O sea, que con visión exclusivamente formal (y en contra de lo sostenido, entre otras, en la STC 224/1993), se utiliza la tesis, que acabamos de rechazar, según la cual deben ser Leyes Orgánicas las que desarrollen los derechos fundamentales, pero no las que afecten directa y esencialmente a la dignidad de la persona.
Nótese que me refiero a las leyes que desarrollen derechos fundamentales que afecten directa y esencialmente a la dignidad de la persona. Salgo así al paso de una posible objeción: todos los derechos -podría afirmarse en mi contra tienen su germen en la dignidad de la persona. Ello es cierto. Sin embargo, hay derechos que de un modo directo y esencial emanan de la dignidad de la persona, que es lo que ocurre con los derechos fundamentales implicados en esta Ley 35/1988. Fueron alegados por los recurrentes y son interpretados en la Sentencia del Pleno.
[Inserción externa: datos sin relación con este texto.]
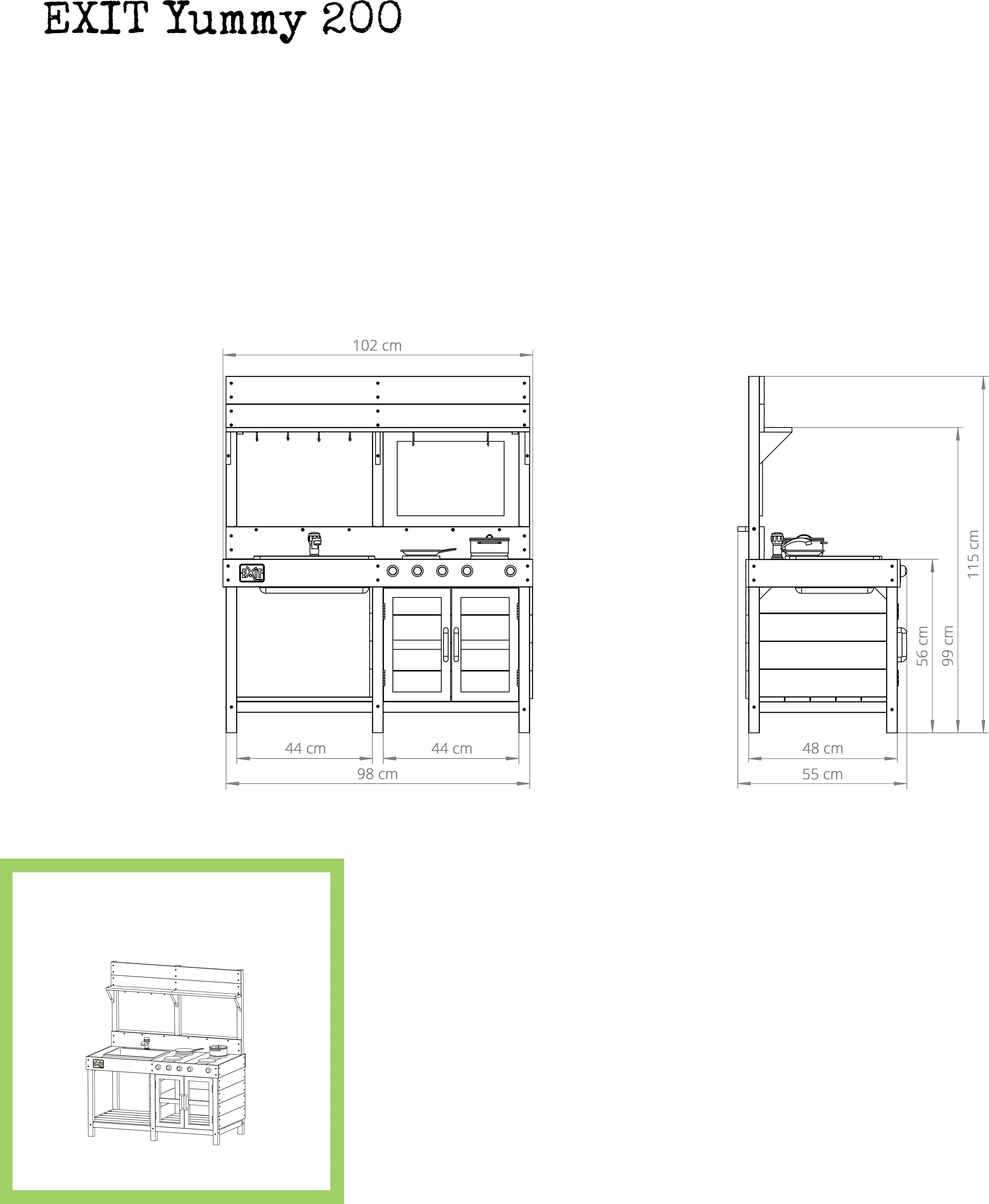 Il gioco perfetto per i piccoli gourmet e aspiranti chef! Con la cucina da esterno Yummy 200 di Exit Toys, il giardino diventa il luogo ideale per avventure culinarie e di gioco fantasiose!
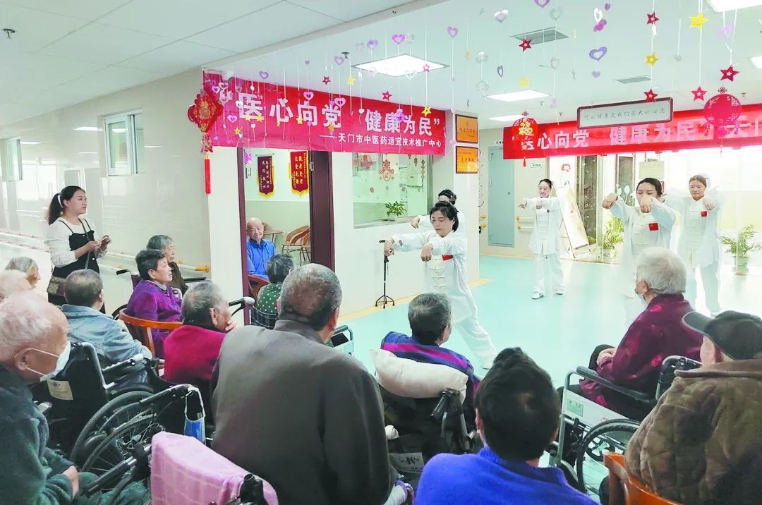 4月29日,天门市中医医院组织护理团队到陆羽养老服务中心开展“无限夕阳红、浓情在中医”慰问活动,通过表演节目、送健康、献爱心的特殊方式迎接“5·12”国际护士节的到来。
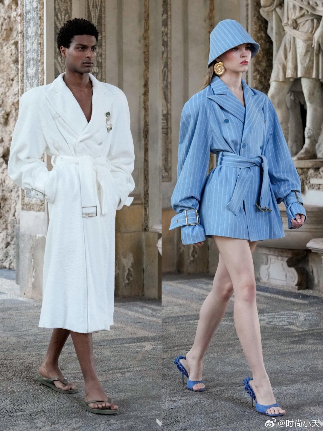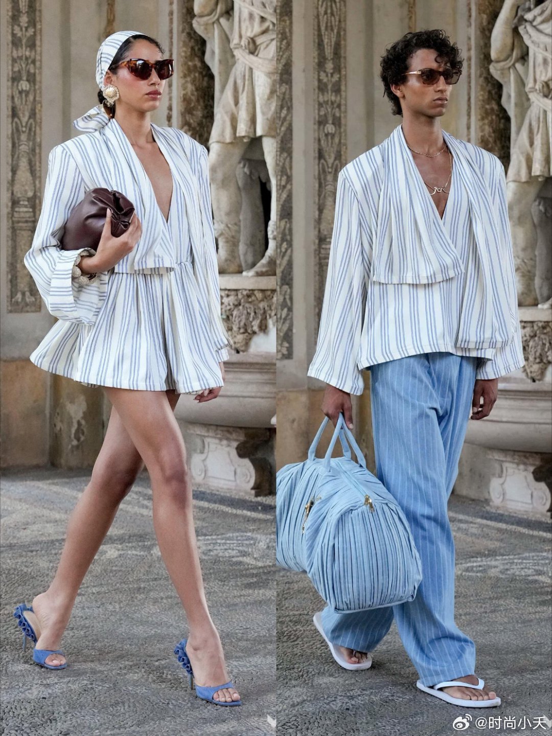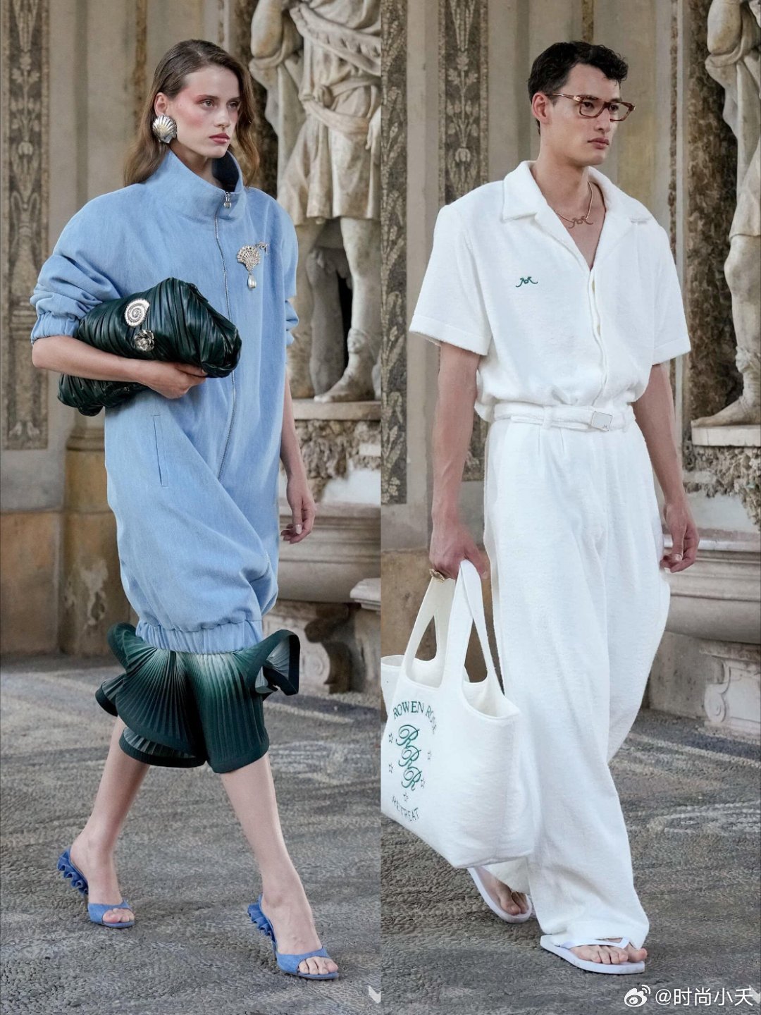 Rowen Rose 2026ss这秀场细节太可了米兰时装周时装周普通人怎么看时装周设计灵感源自古罗马/古希腊公共浴场文化,提炼“仪式感与松弛感。这场秀有一种雕刻美,主打法意混血美学与二元对立的设计哲学,男女混合秀场,利用白色和高饱和的蓝色为基调,搭配绿色、陶土棕等营造一种度假氛围。
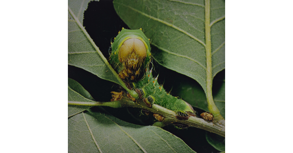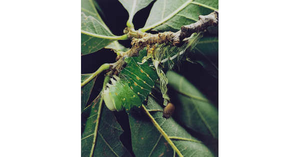 • Telea polyphemus Larva Resting, About 5 Weeks Old, Tesuque, New Mexico, August 1960
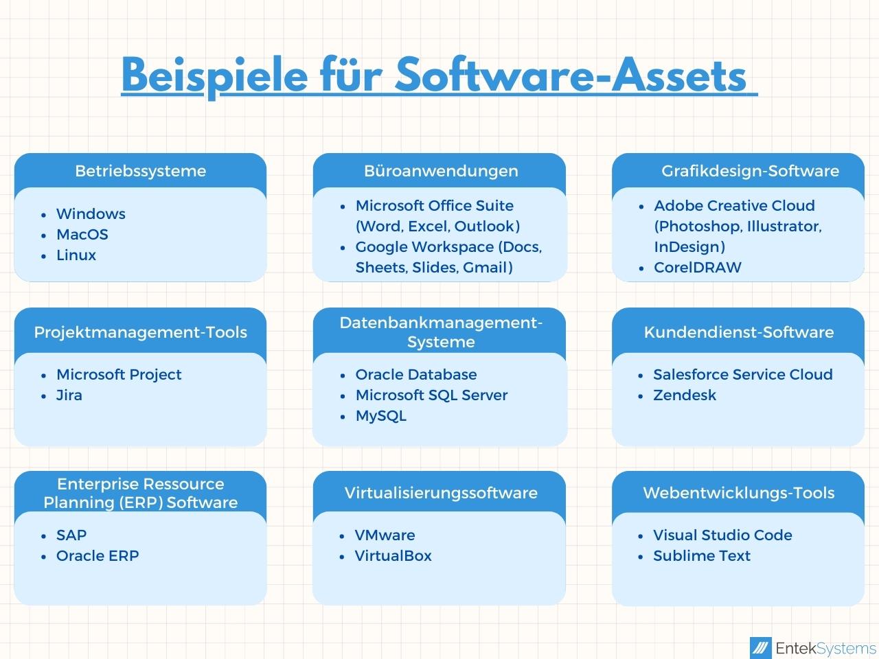 Mögliche Software-Assets sind Betriebssysteme wie Windows und MacOS, Anwendungssoftware wie Microsoft Office und Adobe Creative Cloud, Entwicklungs- und Designwerkzeuge, Datenbanksoftware, aber auch Antivirenprogramme und viele weitere Softwareanwendungen, die in Unternehmen eingesetzt werden.

Se nos podrá contraargumentar diciendo que no es fácil trazar la frontera entre los derechos que afectan directa y esencialmente a la dignidad de la persona, de un lado, y los restantes derechos, de otro lado. Pero en el mundo jurídico siempre nos movemos con esas dificultades de los encuadramientos y las precisiones. El día que sepamos, por ejemplo, los límites de la «legislación» respecto a la «ejecución», o de las «bases» respecto de las normas de «desarrollo», empezaremos a estar seguros de lo que a diario decidimos. Pero que esta Ley 35/1988 regula materias incluidas, con carácter esencial y de modo directo, en el ámbito de la dignidad de la persona, no me ofrece dudas.
Considero que, en este caso, el legislador debería haberse pronunciado con el apoyo de la mayoría absoluta del Congreso que la Constitución exige para la aprobación de las Leyes Orgánicas (art. 81.2 C.E.). No cabe invocar aquí que la Ley Orgánica podría producir en el ordenamiento jurídico «una petrificación abusiva en beneficio de quienes en un momento dado gozasen de la mayoría parlamentaria suficiente y en detrimento del carácter democrático del Estado, ya que nuestra Constitución ha instaurado una democracia basada en el juego de las mayorías, previniendo tan sólo para supuestos tasados y excepcionales una democracia de acuerdo basada en mayorías cualificadas o reforzadas» (STC 5/1981, fundamento jurídico... »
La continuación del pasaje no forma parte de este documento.